Extracted data:
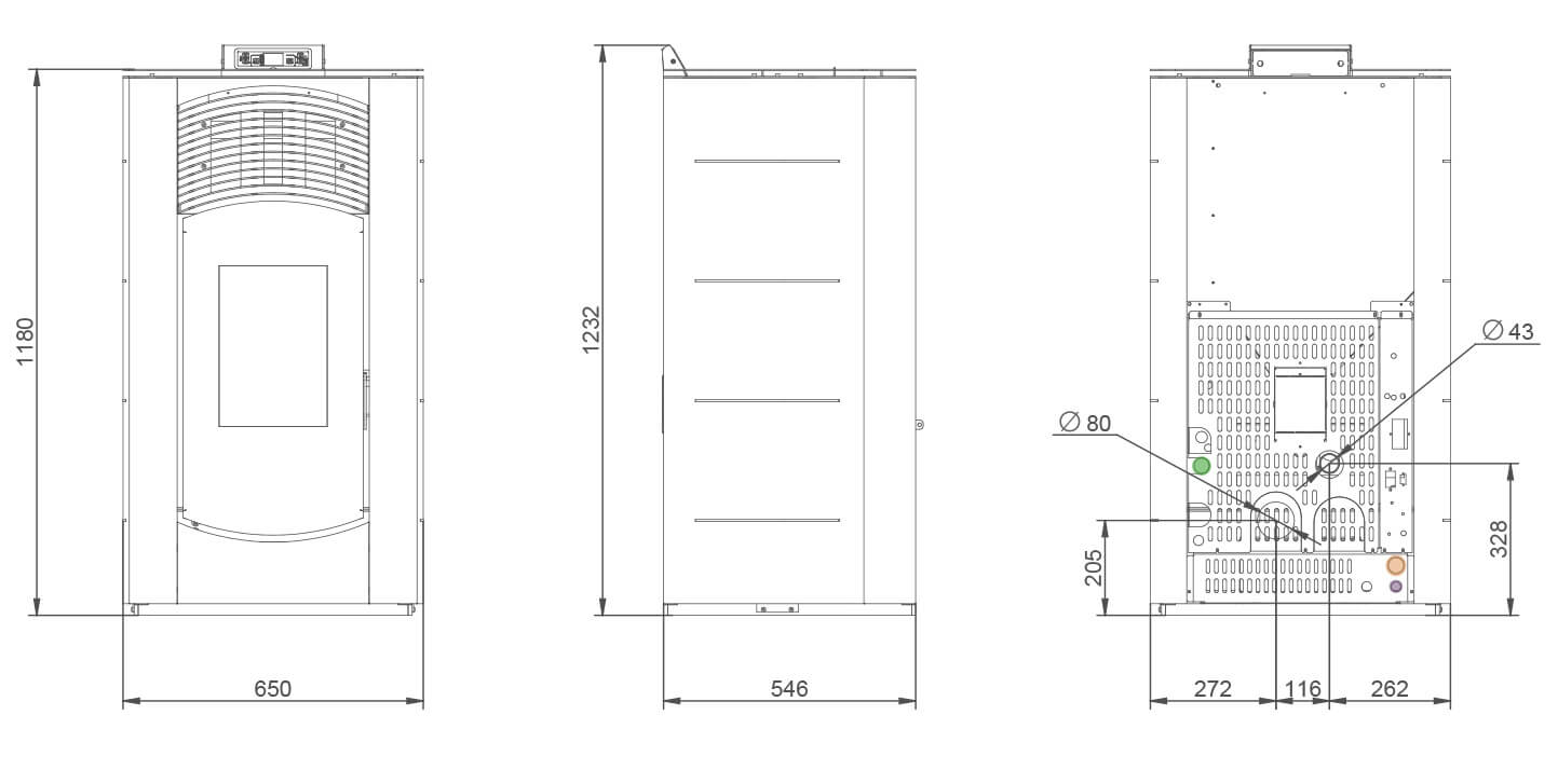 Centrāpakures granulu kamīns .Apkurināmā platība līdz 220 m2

==

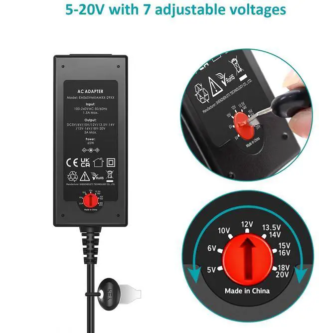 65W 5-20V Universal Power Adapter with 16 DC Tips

==

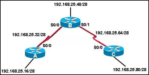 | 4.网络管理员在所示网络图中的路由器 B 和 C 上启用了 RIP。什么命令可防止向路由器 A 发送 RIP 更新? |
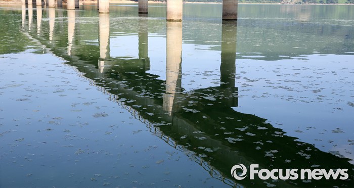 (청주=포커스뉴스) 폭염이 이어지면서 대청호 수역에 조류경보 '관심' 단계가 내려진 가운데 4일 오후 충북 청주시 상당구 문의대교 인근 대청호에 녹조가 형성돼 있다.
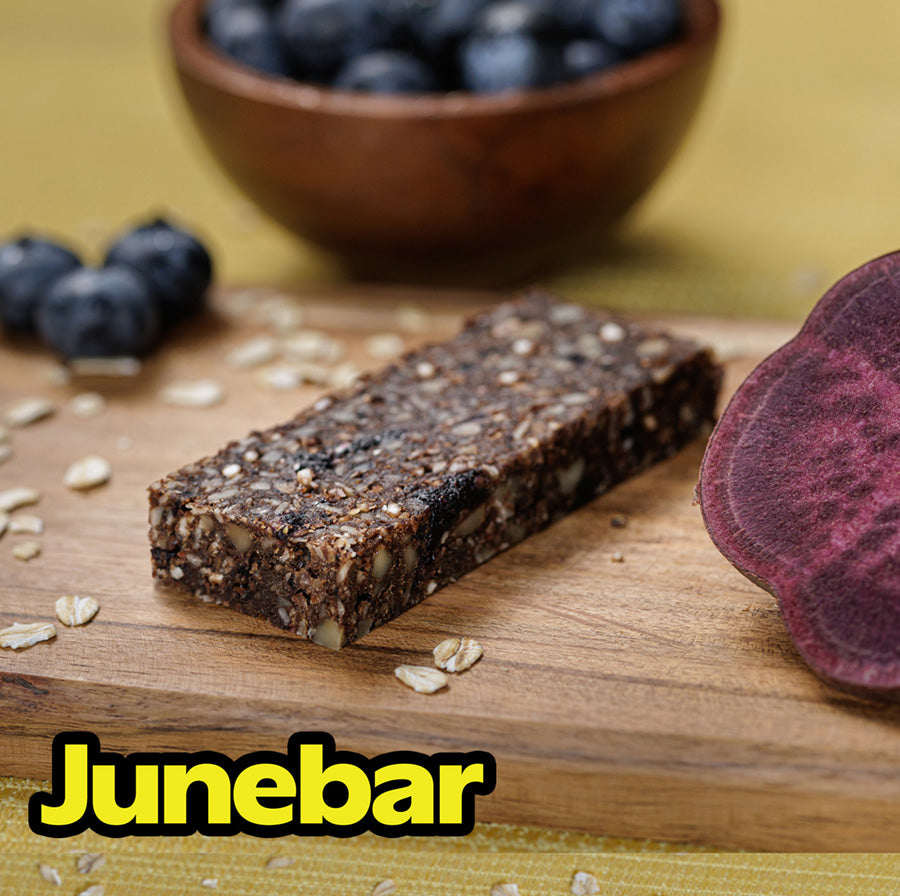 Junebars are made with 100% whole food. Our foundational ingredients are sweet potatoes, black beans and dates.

Exercise requirements: Pictures aside, print exactly the lines above starting with the one containing "发送 RIP 更新? |" and going on through the one containing "(청주=포커스뉴스) 폭염이 이어지면서".

Exercise response:
 | 4.网络管理员在所示网络图中的路由器 B 和 C 上启用了 RIP。什么命令可防止向路由器 A 发送 RIP 更新? |
 (청주=포커스뉴스) 폭염이 이어지면서 대청호 수역에 조류경보 '관심' 단계가 내려진 가운데 4일 오후 충북 청주시 상당구 문의대교 인근 대청호에 녹조가 형성돼 있다.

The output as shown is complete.